Records from a dataset:
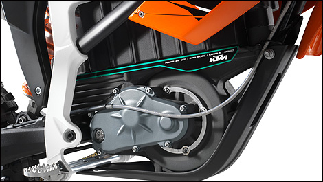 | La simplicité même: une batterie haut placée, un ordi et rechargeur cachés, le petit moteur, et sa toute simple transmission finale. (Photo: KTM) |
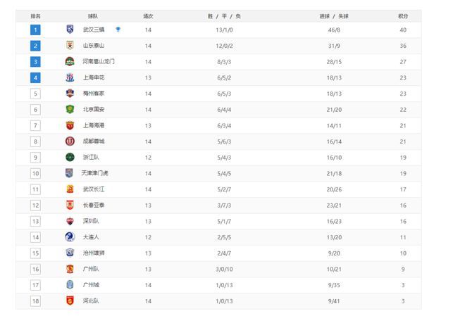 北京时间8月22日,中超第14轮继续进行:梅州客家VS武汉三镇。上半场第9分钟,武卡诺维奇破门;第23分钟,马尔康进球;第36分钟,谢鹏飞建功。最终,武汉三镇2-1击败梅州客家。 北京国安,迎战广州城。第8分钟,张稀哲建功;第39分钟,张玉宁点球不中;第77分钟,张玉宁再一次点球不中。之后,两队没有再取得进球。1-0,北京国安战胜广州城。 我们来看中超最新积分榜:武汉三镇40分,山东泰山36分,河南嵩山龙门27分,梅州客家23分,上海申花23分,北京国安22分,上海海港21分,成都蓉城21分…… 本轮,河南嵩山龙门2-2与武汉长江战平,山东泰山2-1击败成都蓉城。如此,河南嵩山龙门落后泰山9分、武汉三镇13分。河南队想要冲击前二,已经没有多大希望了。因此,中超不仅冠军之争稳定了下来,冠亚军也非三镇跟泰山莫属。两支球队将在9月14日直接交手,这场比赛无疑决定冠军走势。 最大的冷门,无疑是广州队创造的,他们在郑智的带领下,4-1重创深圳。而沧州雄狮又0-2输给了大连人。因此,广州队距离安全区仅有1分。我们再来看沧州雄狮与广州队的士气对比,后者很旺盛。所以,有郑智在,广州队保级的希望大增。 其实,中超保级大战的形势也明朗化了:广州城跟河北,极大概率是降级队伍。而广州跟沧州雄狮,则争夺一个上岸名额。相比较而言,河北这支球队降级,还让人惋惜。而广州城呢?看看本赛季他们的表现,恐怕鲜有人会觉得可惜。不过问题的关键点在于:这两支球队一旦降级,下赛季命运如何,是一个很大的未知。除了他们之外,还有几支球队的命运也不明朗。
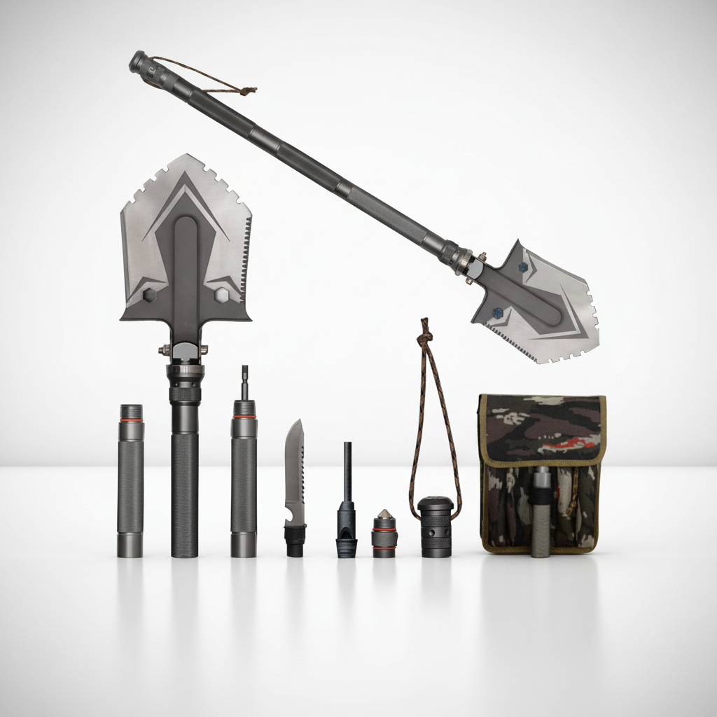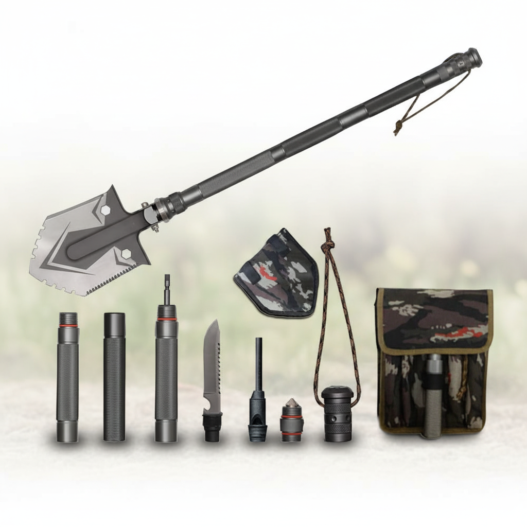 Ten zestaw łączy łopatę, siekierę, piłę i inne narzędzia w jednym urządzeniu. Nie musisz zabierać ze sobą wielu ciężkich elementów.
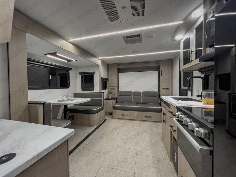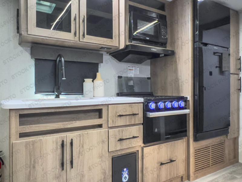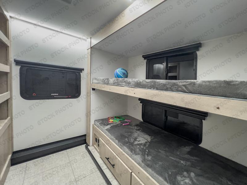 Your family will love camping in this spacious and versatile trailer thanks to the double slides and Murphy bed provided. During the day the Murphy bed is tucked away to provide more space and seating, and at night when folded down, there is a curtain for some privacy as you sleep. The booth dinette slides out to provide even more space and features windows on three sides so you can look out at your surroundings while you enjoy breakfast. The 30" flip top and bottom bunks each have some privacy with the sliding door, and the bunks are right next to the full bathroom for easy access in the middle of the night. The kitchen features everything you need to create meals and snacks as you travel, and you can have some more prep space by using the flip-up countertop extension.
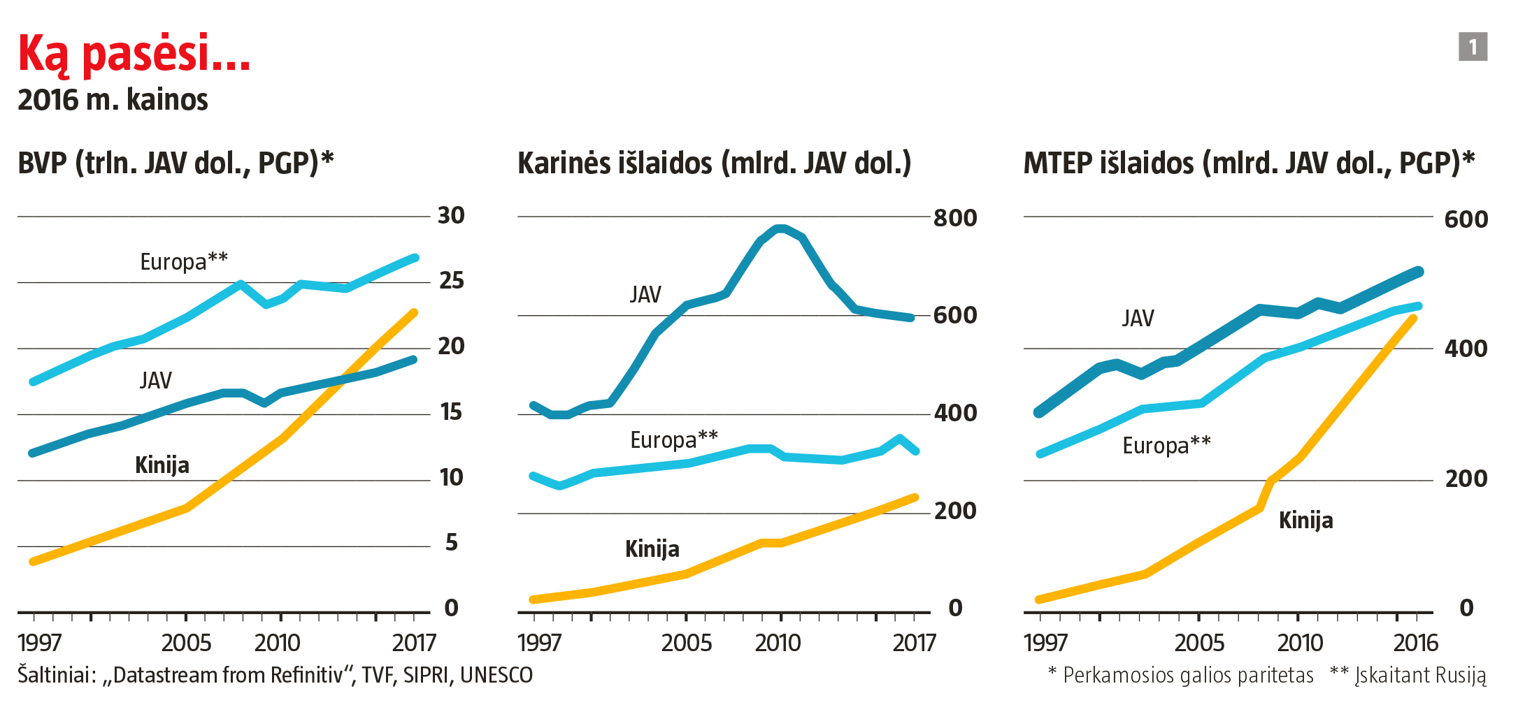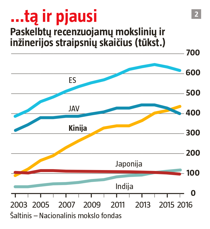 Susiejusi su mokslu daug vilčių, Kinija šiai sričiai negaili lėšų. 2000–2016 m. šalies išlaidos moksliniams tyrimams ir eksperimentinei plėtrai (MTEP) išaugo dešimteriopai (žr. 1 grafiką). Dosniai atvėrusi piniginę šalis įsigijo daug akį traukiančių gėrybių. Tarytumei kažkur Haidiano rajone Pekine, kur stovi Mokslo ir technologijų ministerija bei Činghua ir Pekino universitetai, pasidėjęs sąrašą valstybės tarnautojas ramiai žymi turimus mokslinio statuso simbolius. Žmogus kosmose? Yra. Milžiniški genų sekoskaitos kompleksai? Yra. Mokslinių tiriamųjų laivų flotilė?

[Task goal]
All records above must be copied exactly, though the pictures they hold are to be left out.

[Output]
 | La simplicité même: une batterie haut placée, un ordi et rechargeur cachés, le petit moteur, et sa toute simple transmission finale. (Photo: KTM) |
 北京时间8月22日,中超第14轮继续进行:梅州客家VS武汉三镇。上半场第9分钟,武卡诺维奇破门;第23分钟,马尔康进球;第36分钟,谢鹏飞建功。最终,武汉三镇2-1击败梅州客家。 北京国安,迎战广州城。第8分钟,张稀哲建功;第39分钟,张玉宁点球不中;第77分钟,张玉宁再一次点球不中。之后,两队没有再取得进球。1-0,北京国安战胜广州城。 我们来看中超最新积分榜:武汉三镇40分,山东泰山36分,河南嵩山龙门27分,梅州客家23分,上海申花23分,北京国安22分,上海海港21分,成都蓉城21分…… 本轮,河南嵩山龙门2-2与武汉长江战平,山东泰山2-1击败成都蓉城。如此,河南嵩山龙门落后泰山9分、武汉三镇13分。河南队想要冲击前二,已经没有多大希望了。因此,中超不仅冠军之争稳定了下来,冠亚军也非三镇跟泰山莫属。两支球队将在9月14日直接交手,这场比赛无疑决定冠军走势。 最大的冷门,无疑是广州队创造的,他们在郑智的带领下,4-1重创深圳。而沧州雄狮又0-2输给了大连人。因此,广州队距离安全区仅有1分。我们再来看沧州雄狮与广州队的士气对比,后者很旺盛。所以,有郑智在,广州队保级的希望大增。 其实,中超保级大战的形势也明朗化了:广州城跟河北,极大概率是降级队伍。而广州跟沧州雄狮,则争夺一个上岸名额。相比较而言,河北这支球队降级,还让人惋惜。而广州城呢?看看本赛季他们的表现,恐怕鲜有人会觉得可惜。不过问题的关键点在于:这两支球队一旦降级,下赛季命运如何,是一个很大的未知。除了他们之外,还有几支球队的命运也不明朗。
 Ten zestaw łączy łopatę, siekierę, piłę i inne narzędzia w jednym urządzeniu. Nie musisz zabierać ze sobą wielu ciężkich elementów.
 Your family will love camping in this spacious and versatile trailer thanks to the double slides and Murphy bed provided. During the day the Murphy bed is tucked away to provide more space and seating, and at night when folded down, there is a curtain for some privacy as you sleep. The booth dinette slides out to provide even more space and features windows on three sides so you can look out at your surroundings while you enjoy breakfast. The 30" flip top and bottom bunks each have some privacy with the sliding door, and the bunks are right next to the full bathroom for easy access in the middle of the night. The kitchen features everything you need to create meals and snacks as you travel, and you can have some more prep space by using the flip-up countertop extension.
 Susiejusi su mokslu daug vilčių, Kinija šiai sričiai negaili lėšų. 2000–2016 m. šalies išlaidos moksliniams tyrimams ir eksperimentinei plėtrai (MTEP) išaugo dešimteriopai (žr. 1 grafiką). Dosniai atvėrusi piniginę šalis įsigijo daug akį traukiančių gėrybių. Tarytumei kažkur Haidiano rajone Pekine, kur stovi Mokslo ir technologijų ministerija bei Činghua ir Pekino universitetai, pasidėjęs sąrašą valstybės tarnautojas ramiai žymi turimus mokslinio statuso simbolius. Žmogus kosmose? Yra. Milžiniški genų sekoskaitos kompleksai? Yra. Mokslinių tiriamųjų laivų flotilė?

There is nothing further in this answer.